The Santa Barbara solid waste management strategic plan, which contains 23 initiatives including the food scrap program, initially mandated that 70 percent of all solid waste be diverted from the landfill by 2010. Officials subsequently modified the plan to say Santa Barbara should “maximize” diversion.
“That means there’s no end game. There’s no stopping point,” said Stephen Macintosh, environmental services supervisor. “We’re going to get as much as we can out of the landfill.”
Under the pilot food scrap recovery and composting program, food scraps and food waste are collected daily from the various locations, which are provided with bright yellow 32-gallon or 65-gallon carts lined with corn-based biodegradable bags.
“Because we have biodegradable bags that we put all the stuff into, the upside is we’re not putting roughly 10 to 15 (plastic) trash bags into the landfill as well,” the Sojourner’s Mudge noted.
When full, the bags are placed into large metal trash bins at each business, which are then collected daily by Allied Waste. The bins contain only the food scraps and food waste as part of the source separated program. Included in the mix are not only food scraps, but everything that is biodegradable, such as waxed cardboard boxes, soiled paper, coffee filters, tea bags, napkins and Kraft and parchment papers.
“We’ll take anything that is organically based,” Lohela said. “They all go in the same container to make it easy and it does now go away, but it turns into something positive. The only things we won’t take are glass, metal and plastic.”
After making its daily rounds, Allied dumps the collection into a large roll-off bin, which is currently hauled off every eight or nine days by the Engel and Gray Composting Facility in Santa Maria. As the food scrap program expands, hauling the bins to Engel and Gray, the only fully certified composting facility in Santa Barbara County, will become more frequent.

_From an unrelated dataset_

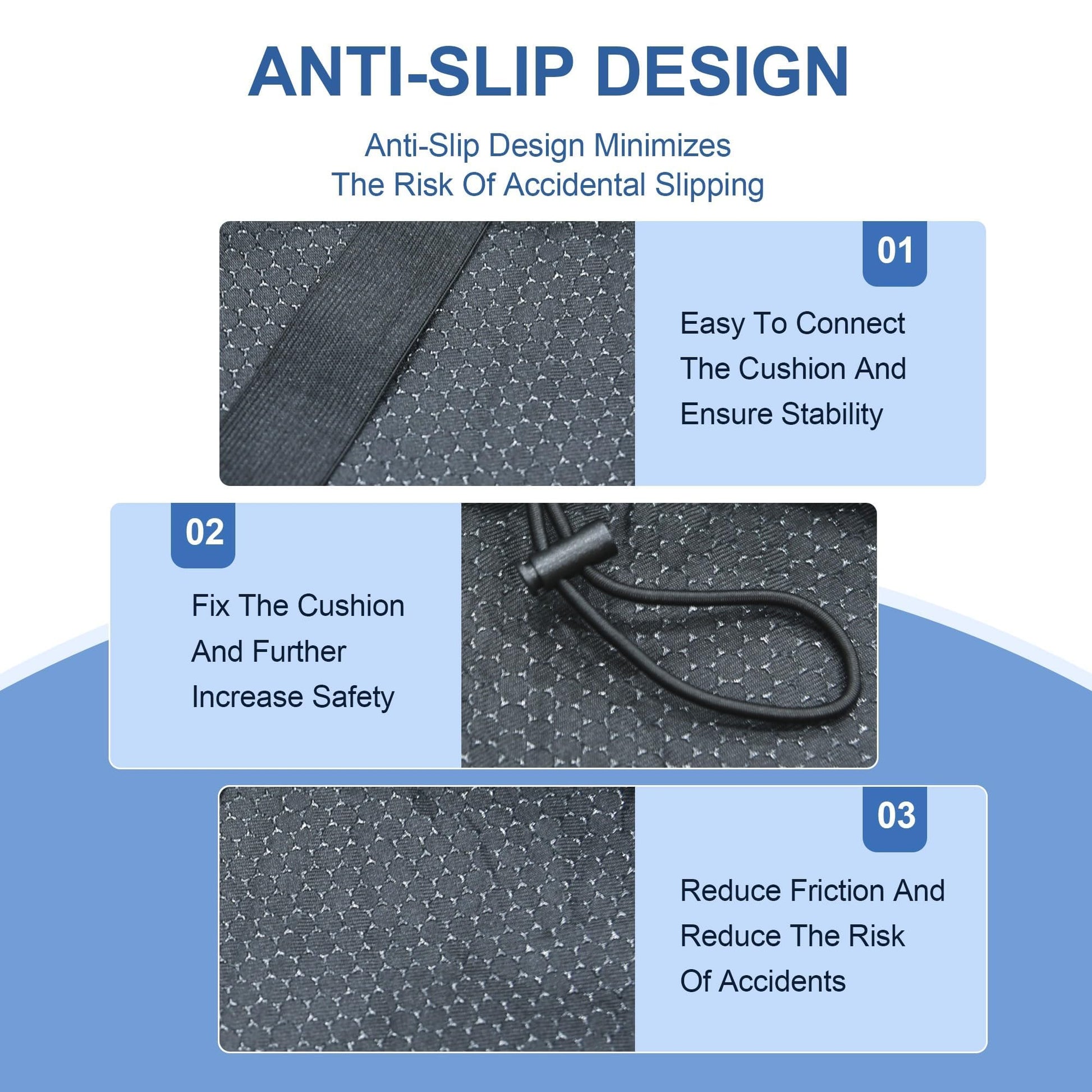 - Secure Elastic Strap - Easy attachment system keeps cushion firmly in place

Engel and Gray’s 40-acre regional composting operation processes organic waste from homes, farms, businesses, wineries and plants. Its compost is sold under the Harvest Blend brand, some of which is purchased by the city of Santa Barbara for use on its park lands.

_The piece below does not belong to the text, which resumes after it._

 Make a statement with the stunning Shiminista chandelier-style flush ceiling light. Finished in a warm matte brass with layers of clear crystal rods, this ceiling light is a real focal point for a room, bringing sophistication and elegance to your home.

“Every time we use compost we’re increasing soil fertility the natural way,” Lohela said. “We’re not using all the fertilizers, pesticides and synthetic inputs that are petroleum-derived that we have to put on agriculture.
“Santa Barbara is a huge agricultural county. We do millions and millions of dollars a year in agriculture. We realize we can increase the level of sustainable development in terms of agriculture in our county by using the compost we have and reduce our dependence on foreign oil, on synthetics, on things that are toxic. No one really wants to be spraying that stuff on his or her plants. They do it because they want to have production. If we can do it with compost, we see that as a win-win for everyone.”
Bob Engel of Engel and Gray agrees, pointing to the fact that compost addresses soil, water and air problems. The company, started in 1946, has been in the composting business since 1993.
“Compost is a definite solution to greenhouse warming, global warming because it addresses all three [soil, water and air issues],” he said. "That’s probably the biggest thing. Other than that, we think compost is a great product to use and we think composting is a good way to handle organics. The city of Santa Barbara is showing good leadership in moving in that direction.”
The early success of the Santa Barbara program has caught the attention not only of other local businesses, but of governmental agencies throughout the U.S.
“I think we’re taking a very fresh approach to waste management and that’s exciting for a lot of people,” Macintosh said. “A lot of people have been doing trash for 30 or 40 years, there’s an established way to do it that we think can be reinvented into a better way.”
“I think we're really looking at a compost revolution,” Lohela added.